Flow cytometry sorting was performed at the Baylor College of Medicine Core Facility. A 488-nm argon laser was used as the probing beam. Sorting was based on FS, which is an indirect measurement of size, versus light scatter (LS), which is a measurement of the cell's granularity. Four gates (A, B, C, and D) were chosen comparing the FS/LS diagrams to diagrams of beads of known size. Only the cells within gate limits were sorted. The percentage of cells within each gate was calculated in relation to all cells, including excluded cells. Debris were excluded by gates in the right angle scatter versus FS diagrams and by PI fluorescence, which was read using a 610/20 bandpass filter. At least 100,000 events were collected before analysis. All flow cytometric data were analyzed with Expo 32 software (Beckman-Coulter). Four fractions of cells ranging in size from 10 to 16, 17 to 23, 24 to 30, and ≥31 μm in diameter (A, B, C, and D, respectively) were sorted and collected. The size-sorting experiments were repeated a total of eight times for BrdU retention (n = 3) and phenotype and growth assays (n = 5).
To evaluate the correlation between size and cell cycle, BrdU label retention assay was performed using a previously reported method  with modification. In brief, single-cell cultures in 35-mm dishes, at days 4 and 5, were incubated with fresh SHEM medium containing 10 μM BrdU. After labeling with BrdU for 72 hours continuously, the cultures were switched to BrdU-free medium, chased for 18 days, and then used for sorting experiments as described above. All selected populations were plated in duplicate at 5 × 104 cells per chamber on eight-chamber slides overnight, fixed in cold methanol at 4°C for 10 minutes. After rehydration in phosphate-buffered saline (PBS) for 5 minutes, samples were incubated with 2N HCl at 37°C for 60 minutes to denature DNA and neutralized in boric acid (pH 8.5) for 20 minutes. Incorporated BrdU was detected by immunofluorescent staining with a mAb as described below. The percentages of positively stained cells were assessed by point counting in digital images. A total of 500 to 951 nuclei were counted in six to eight representative fields. This number (500 counted nuclei) was considered a minimum requirement to obtain representative data . The BrdU labeling index was expressed as the number of positively labeled nuclei/the total number of nuclei × 100%.
Immunofluorescent staining was performed as previously described [12, 16]. In brief, the selected populations of corneal epithelial cells sorted by size were seeded at 5 × 104 cells per chamber in eight-chamber slides overnight. They were fixed with cold methanol (for p63, K3, involucrin, and BrdU staining) or freshly prepared 2% paraformaldehyde (for ABCG2 staining) at 4°C for 10 minutes. After blocking with 5% normal goat serum in PBS for 60 minutes, primary mAbs against nuclear p63 (1:1,000, 1 μg/ml), ABCG2 (1:50, 5 μg/ml), involucrin (1:100, 2 μg/ml), K3 (1:100, 10 μg/ml), or BrdU (1:40, 25 μg/ml) were applied and incubated for 1 hour at room temperature. A secondary antibody, Alexa Fluor 488-conjugated goat anti-mouse immunoglobulin G (1:300), was then applied and incubated in a dark chamber for 1 hour, followed by counterstaining with Hoechst 33342 (1 μg/ml in PBS) or PI (2 μg/ml in PBS) DNA-binding dye for 5 minutes.

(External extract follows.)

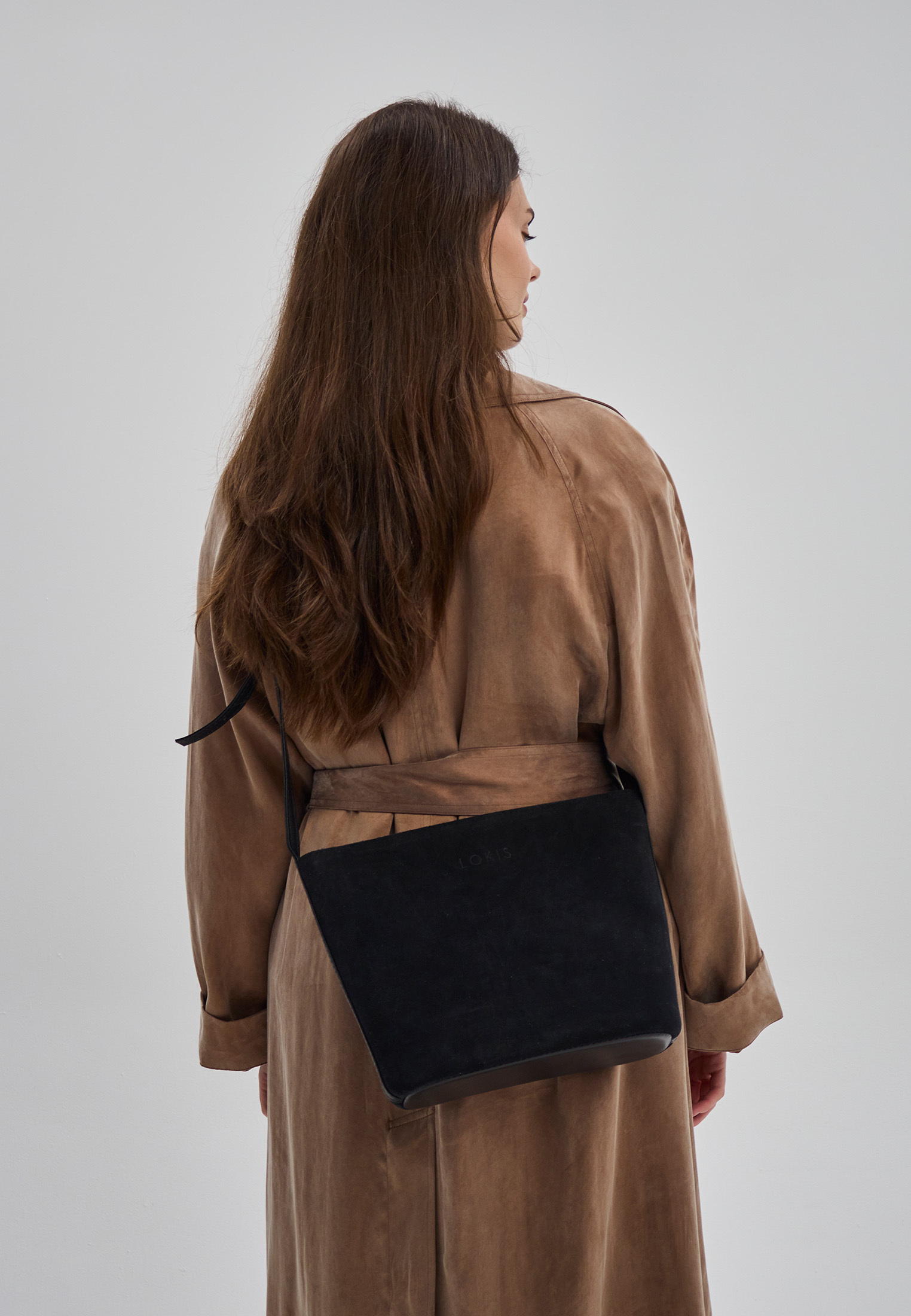 Сумка через плечо из натуральной замши среднего размера.

After washing with PBS, Antifade Gel/Mount (Fisher, Atlanta, http://www.fisherscientific.com) and a cover slip were applied. Sections were examined and photographed with an epifluorescent microscope (Eclipse 400, Nikon, Tokyo, http://www.nikon.co.jp) with a digital camera (model DMX 1200, Nikon).
Total RNA was isolated from the selected populations of corneal epithelial cells immediately after sorting by cell size, using acid guanidium thiocyanate-phenol-chloroform extraction . The RNA was quantified by its absorption at 260 nm and stored at −80°C before use. Using a housekeeping gene, glyceraldehyde-3-phosphate dehydrogenase (GAPDH), as an internal control, the mRNA expression of different molecular markers was analyzed by semiquantitative reverse transcription–polymerase chain reaction (RT-PCR) as previously described [17, 18]. Briefly, first-strand cDNAs were synthesized from 0.5 μg of total RNA with murine leukemia virus (MuLV) RT. PCR amplification was performed with specific primer pairs designed from published human gene sequences for different markers (Table 1) using a GeneAmp PCR System 9700 (Applied Biosystems). Semiquantitative RT-PCR was established by terminating reactions at intervals of 20, 24, 28, 32, 36, and 40 cycles for each primer pair to ensure that the PCR products formed were within the linear portion of the amplification curve. The fidelity of the RT-PCR products was verified by comparing their size to the expected cDNA bands and by sequencing the PCR products.
Relatively quantitative real-time PCR was performed as a previously described method  with modification. In brief, the first-strand cDNA was synthesized from 1 μg of total RNA with random hexamer and M-MuLV RT using Ready-To-Go You-Prime First-Strand Beads. The quantitative real-time PCR was performed in a Smart Cycler (Cepheid, Sunnyvale, CA, http://www.cepheid.com) with 25 μl reaction volume containing cDNA, TaqMan primers, and probes for ABCG2, ΔNp63, K3, K12, involucrin, or GAPDH and Universal PCR Master Mix (TaqMan Gene Expression Assays, Applied Biosystems). Assays were performed in duplicate for each of three repeated experiments. A nontemplate control was included in all of the experiments to evaluate DNA contamination of the reagent used. The GAPDH gene was used as an endogenous reference for each reaction to correct differences in the amount of total RNA and cDNA added. The results of relatively quantitative real-time PCR were analyzed by the comparative threshold cycle (CT) method using population A as a reference.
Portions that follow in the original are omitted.